Bitcoin miners selling their tokens could push down the price of the largest cryptocurrency for some time, according to JP Morgan, according to Bloomberg.
Listed miners, who account for about 20 percent of the total, already sold Bitcoin in May and June to increase liquidity, cover mining and leverage costs, say JPMorgan strategic analysts. Private miners may have sold a larger share of the mining activity to cover running costs.
“The sale of Bitcoins by the miners, in order to cover current expenses, could continue in the third quarter, if their profitability does not improve,” wrote the strategic analysts. This sale “has probably already pushed up prices in May and June, although there is a risk that this pressure will continue.”
The biggest cryptocurrency has fallen more than 50% since the beginning of the year, as the US Federal Reserve begins to raise interest rates and inflation remains high.
Problems with cryptocurrencies have been exacerbated by the collapse of the Terra / Luna ecosystem, as well as concerns about the hedge fund Three Arrows Capital.
One thing that could ease the price pressure, according to JPMorgan: a drop in production costs from a range of about $ 18,000 to $ 20,000 earlier in the year to $ 15,000 this month.

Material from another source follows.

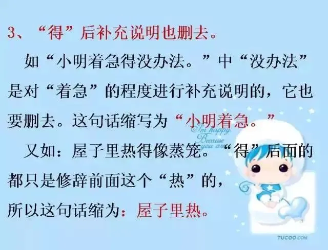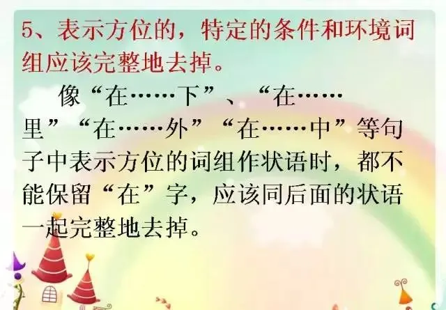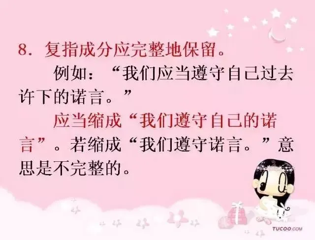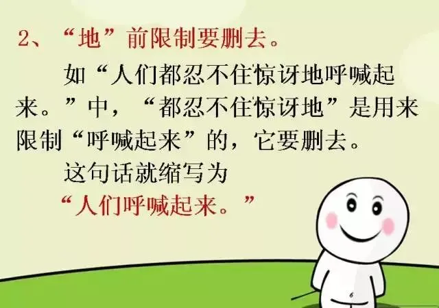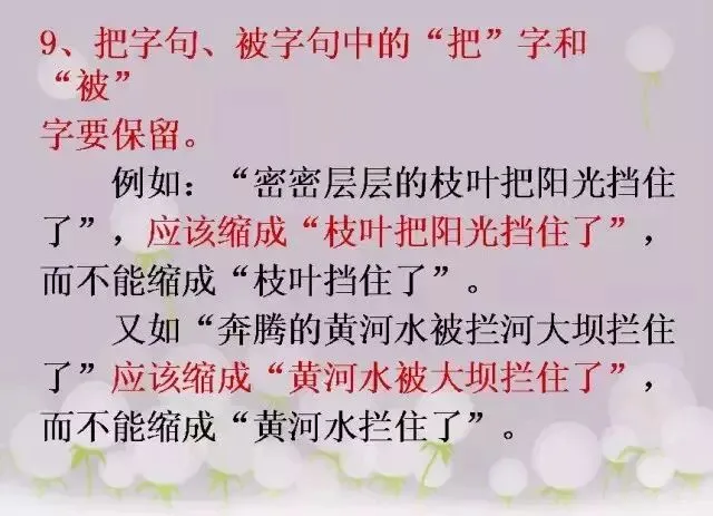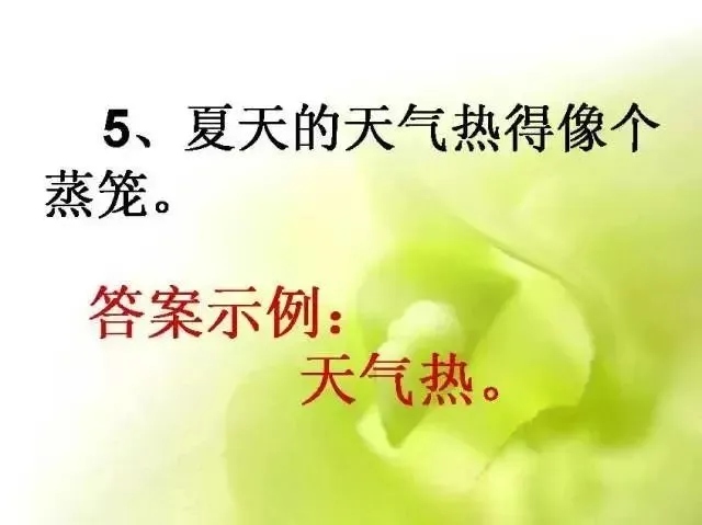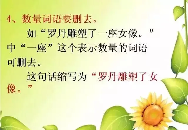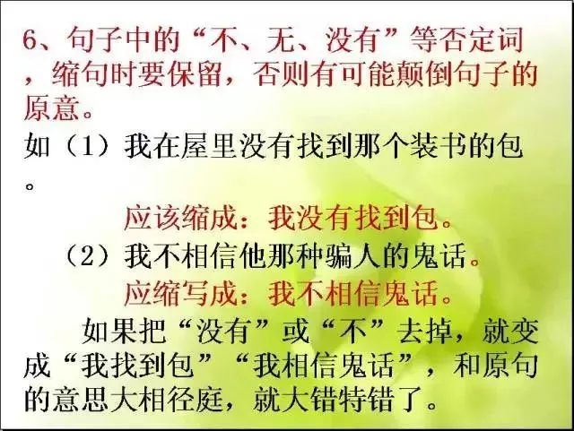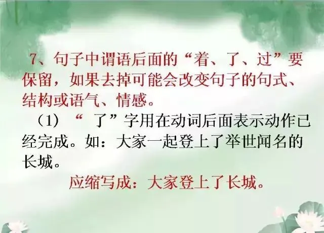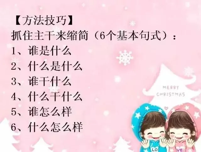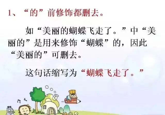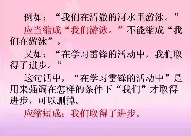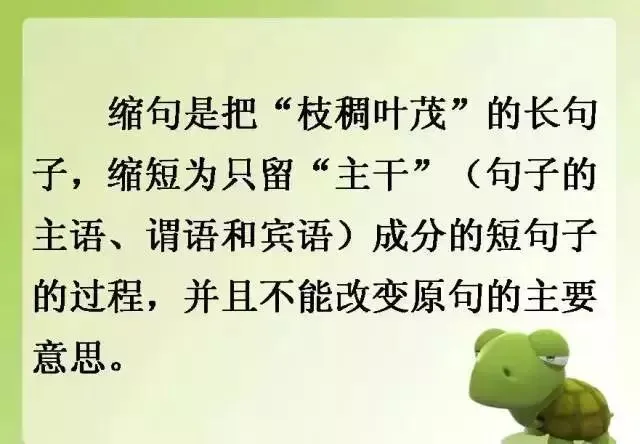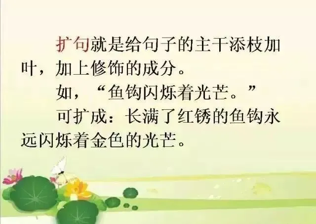 缩句,就是把“枝稠叶茂”的长句子,缩短为只留“主干”的短句子,并且不能改变原句的主要意思。无论多么复杂的单句,只要层层压缩,就会越来越简单,最后剩下的就是这个句子的“主干”。换句话说,“主干”就是把所有的定语、状语、补语都压缩了之后余下的部分。如:嘴角嫩黄、头上长着绒毛的小麻雀无可奈何地拍打着翅膀。经过缩句,抓住句子的主干“小麻雀拍打着翅膀。”就知道这句话是写小麻雀。“六·一”节前夕,宁宁光荣地被评为“三好学生”的称号。这句话一经缩句成为:“宁宁被评为称号。”我们就会发现这句话是错的,”被评为称号”词语搭配不当。缩句时,要先找出句子的主语、谓语、宾语,再逐步删去它们前面的修饰成份,直至缩干净为止。“在……上(中、里、下)”等表示特定的条件和环境的词语应删去。如:金黄色的沙滩上有许多五颜六色的贝壳。沙滩上有许多五颜六色的贝壳。沙滩上有许多贝壳。沙滩上有贝壳。我最爱看天上亮晶晶的星星。我最爱看天上的星星。我最爱看星星。我爱看星星。在老师的帮助下,我完成了作业。我完成了作业。先看看这句话是写人还是写景物的,然后可以提出“谁是什么”、“谁干什么”、“谁怎么样”或者“什么是什么”、“什么干什么”、“什么怎么样”来找出句子的主要部分。如:“满头白发的老奶奶拄着拐杖,焦急而又耐心地等待着周总理的灵车。”这是一个长句,我们就可以提问:谁——老奶奶;干什么——等待灵车。缩句后就成为:“老奶奶等待灵车。”又如:“这毛茸茸的在地上流动着的小绒球原来是刚孵出来的小鸡。”我们可提问:什么——小绒球;是什么——是小鸡。缩句后就成为:“小绒球是小鸡。”有些句子很长,修饰的部分较多,我们就要在几个词语中选出主要的,才能正确地缩句。如“工人宿舍前的草地上开满了五颜六色的野花。”因为“野花”只能开在“草地上”。所以“草地上”是主要词,而“工人宿舍前”是修饰“草地”的。3、如果是否定句缩句,就要把否定词一起写出来,否则就会改变句意。如“我不相信他那种骗人的鬼话。”应缩成“我不相信鬼话”,而不能缩成“我相信鬼话”。(2)找出句子最后一个词语(去掉助词“的”字后变的内容后),如果是动词,那么句子就缩成两部分:人物+最后一个词;如果不是动词,还要找出一个动词出来,句子就缩成三部分:人物+动词+最后一个词。(3)一般情况下不保留“的”“地”前边的词语,还有“得”字后面的词语。扩句与缩句刚好相反,它是在主干的基础上添枝加叶,也就是说,根据表达的需要添加上定语、状语、补语等连带成份,使句子的意思更具体形象。如:太阳升起。金色的太阳从东方地平线缓缓升起。在这里第二句就比第一句具体、形象得多。进行扩句练习时,首先必须弄清楚句子的主要成分,即找到句子的主语、谓语、宾语,在它们的前面加上适当的修饰,而且一个地方可以加不止一个“枝叶”,这样的句子才会更加完整、具体。如:天空挂着月亮。深蓝的天空中高高地挂着一轮玉盘似的月亮。即把句子分成两部分——主语部分和谓语部分,先扩前面部分,再扩后面部分。如“小明读书”,前面部分是“小明”,先补充小明 是谁,与我的关系,这样前面部分可扩充为“我的同学小明”;后面部分可补充“在什么地方”“怎样读书”,这样后半部分可补充为“在教室里认真地读书”。全句扩为“我的同学小明在教室里认真地读书”。就是把句子的两部分一下子扩充。如“红旗升起来了”,按 “什么样的”红旗“在什么地方”“怎么样地”升起来,可扩成“鲜艳的五星红旗在教学大楼的房顶上徐徐地升起来”。扩句时要根据表达需要合理增添有效的成份,不要生硬地堆砌意思相同的词语,不要前后重复,也不要改变原句的意思。在完成扩句作业或试题时,如果对扩充部分有具体规定的应按规定扩句,如没作规定的,可进行整体扩句。扩句后别忘了加标点。1、 原句:太阳光 照射着 树林。 扩句:( 晌午的) 太阳光(火辣辣地)照射着 (整个)树林。分析(1)原句的主要成分:“谁”——太阳光 ;“怎么样”——照射着树林。 (2)添加的词语及作用:“晌午”——表示时间的词语,起限制作用。 “火辣辣”——形容词,起修饰作用。 “整个”——起限制作用。2、 原句:青烟弥漫。 扩句 (飘飘荡荡的)青烟弥漫(在大地上)分析 (1)原句的主要成分:“谁”——青烟;“怎么样”——弥漫。 (2)添加的词语及作用:“飘飘荡荡”——形容词,起修饰作用。 “在大地上”——起补充说明的作用。

Estimates for Bitcoin mining costs can vary. The cost of production for a large mining company is about $ 8,000 per token with average electricity prices and new mining machinery, according to Arcane Crypto. However, Securitize Capital says that taking into account overhead costs for infrastructure and interest rates, the total cost for some mining companies may already be over $ 20,000.
Bitcoin is currently trading at $ 21,113.40.